As the name implies, TCP/IP is a combination of two separate protocols: TCP (transmission control protocol) and IP (Internet protocol). The Internet Protocol standard dictates the logistics of packets sent out over networks; it tells packets where to go and how to get there. IP allows any computer on the Internet to forward a packet to another computer that's one or more intervals closer to the packet's recipient. You can think of it like workers in a line passing boulders from a quarry to a mining cart.


The Transmission Control Protocol is responsible for ensuring the reliable transmission of data across Internet-connected networks. TCP checks packets for errors and submits requests for re-transmissions if any are found.

1.Three of the most common TCP/IP protocols

1.1 HTTP - Used between a web client and a web server, for non-secure data transmissions. A web client (i.e., Internet browser on a computer) sends a request to a web server to view a web page. The web server receives that request and sends the web page information back to the web client.


1.2 HTTPS - Used between a web client and a web server, for secure data transmissions. Often used for sending credit card transaction data or private data from a web client (i.e., Internet browser on a computer) to a web server.


1.3 FTP - Used between two or more computers. One computer sends data to or receives data from another computer directly.


2.Domain names and TCP/IP addresses


The TCP/IP address for a website or web server is not easy to remember. To remedy this issue, a domain name is used instead. For example, 216.58.216.164 is one of the IP address for Google and google.com is the domain name.
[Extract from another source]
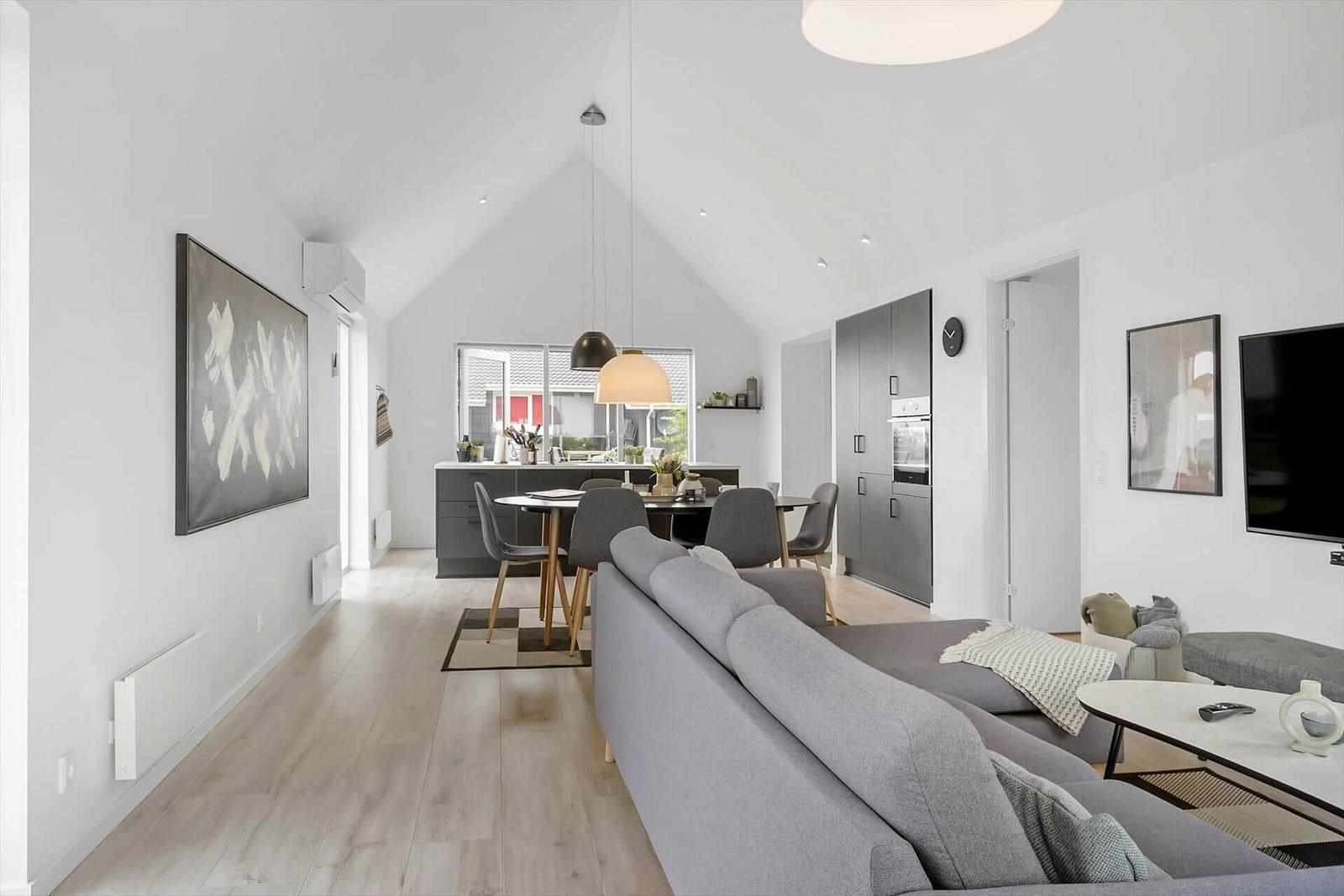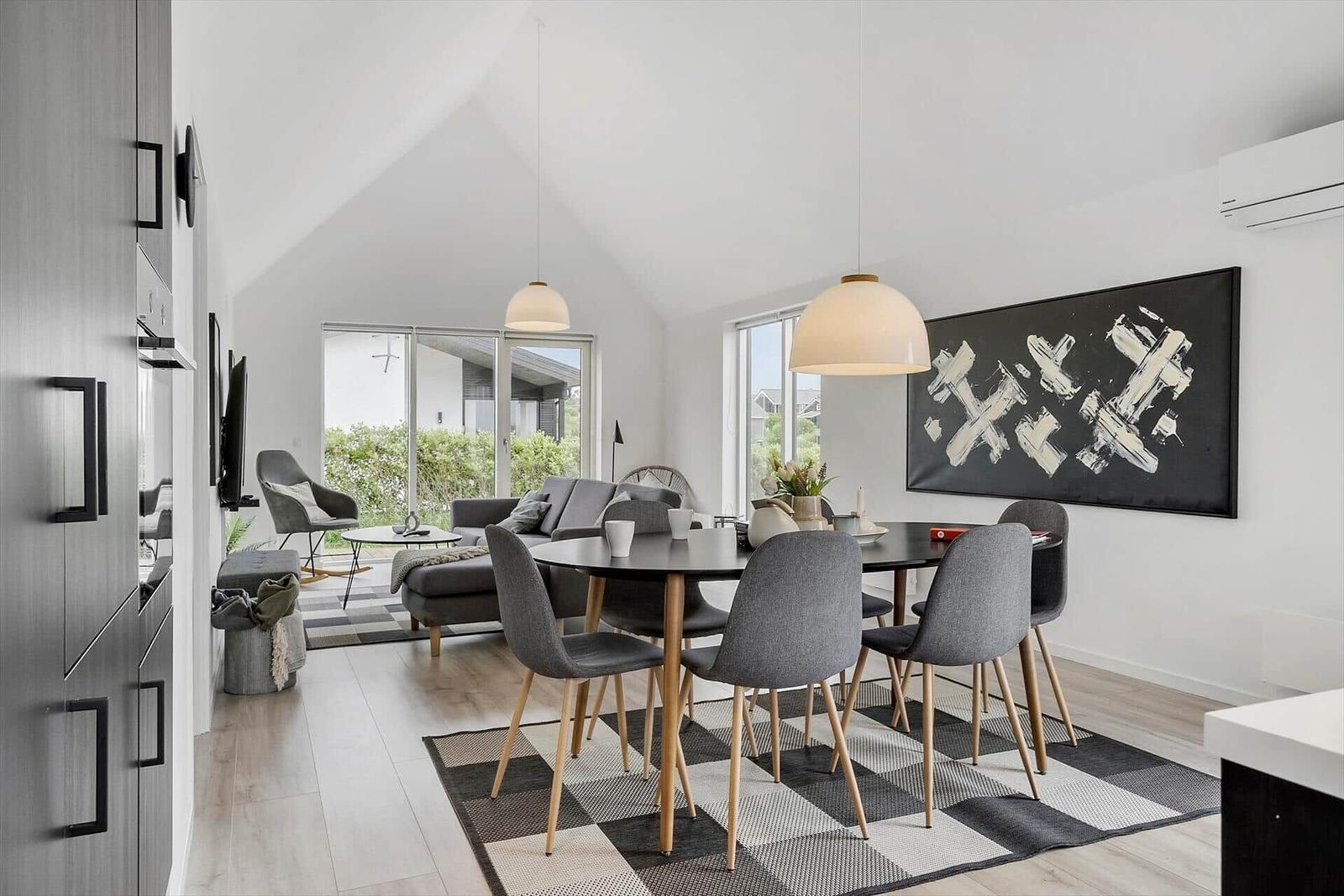 Diese charmante Ferienwohnung in Gjellerodde am Limfjord bietet Platz für bis zu 6 Erwachsene und ein Haustier. Auf großzügigen 81 m² erwartet sie eine gemütliche Einrichtung. Die offene Küche ist modern ausgestattet mit einem Elektro-/Gasherd, Backofen, Geschirrspüler, Mikrowelle sowie Kühlschrank und Gefriermöglichkeit. Für die Kaffeeliebhaber steht eine Kaffeemaschine bereit. Das komfortable Duschbad sorgt für Entspannung nach einem Tag am nahegelegenen Strand, der nur 350 Meter entfernt ist. Ein Wohnschlafzimmer und zwei Schlafzimmer mit jeweils einem Doppelbett bieten ausreichend Platz für alle Gäste. Zudem ist die Wohnung mit einer Waschmaschine, TV und Fußbodenheizung ausgestattet, was den Aufenthalt besonders angenehm gestaltet. Es steht auch Internet mit WLAN zur Verfügung, und die energieeffiziente Heizung sorgt für ein gemütliches Raumklima. Einkaufsmöglichkeiten befinden sich lediglich 300 Meter entfernt.
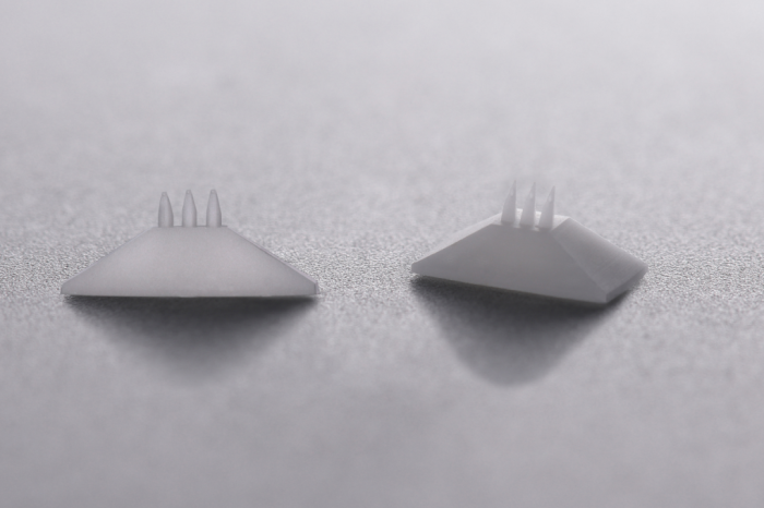 陶瓷空心微針:采用氧化鋁和氧化鋯等高強(qiáng)度陶瓷材料,針尖僅3微米,陶瓷材料的高強(qiáng)度特性使其可反復(fù)穿刺100次以上,無(wú)斷針、彎針風(fēng)險(xiǎn),確保使用穩(wěn)定可靠。支持無(wú)痛經(jīng)皮給藥,提高藥物利用率,部分藥物利用率從10%提升至90%,為藥物注射提供了更高效的選擇。應(yīng)用于醫(yī)美(玻尿酸、膠原蛋白注射)及藥物遞送(胰島素、疫苗)。

Using this method, instead of a set of numbers, makes it much easier for users to remember Computer Hope's web address.


3. The different layers of TCP/IP


3.1 Network Access Layer - This layer is concerned with building packets.


3.2 Internet Layer - This layer uses IP (Internet Protocol) to describe how packets are to be delivered.


3.3 Transport Layer - This layer utilizes UDP (User Datagram Protocol) and TCP (Transmission Control Protocol) to ensure the proper transmission of data.


3.4 Application Layer - This layer deals with application network processes. These processes include FTP (File Transfer Protocol), HTTP (Hypertext Transfer Protocol), and SMTP (Simple Mail Transfer Protocol).


4. TCP/IP Core Benefits:


4.1 One of the primary benefits of the TCP/IP protocol is a very high level of reliability, provided when transferring data. Even if a packet of information gets lost using one route, the protocol guarantees that it will reach its destination using another way.


4.2 A significant advantage of TCP/IP is that most protocols of the suite are stateless, which means that information about session or each communication partner doesn’t need to be retained by the server, thus free network paths can be continuously used by everyone.


It’s worth noting that there are a number of other networking protocols, aimed at providing special services within TCP/IP protocol set. They include User Datagram Protocol (UDP), Internet Control Message Protocol (ICMP), the Interior Gateway Protocol (IGP), the Exterior Gateway Protocol (EGP) and more.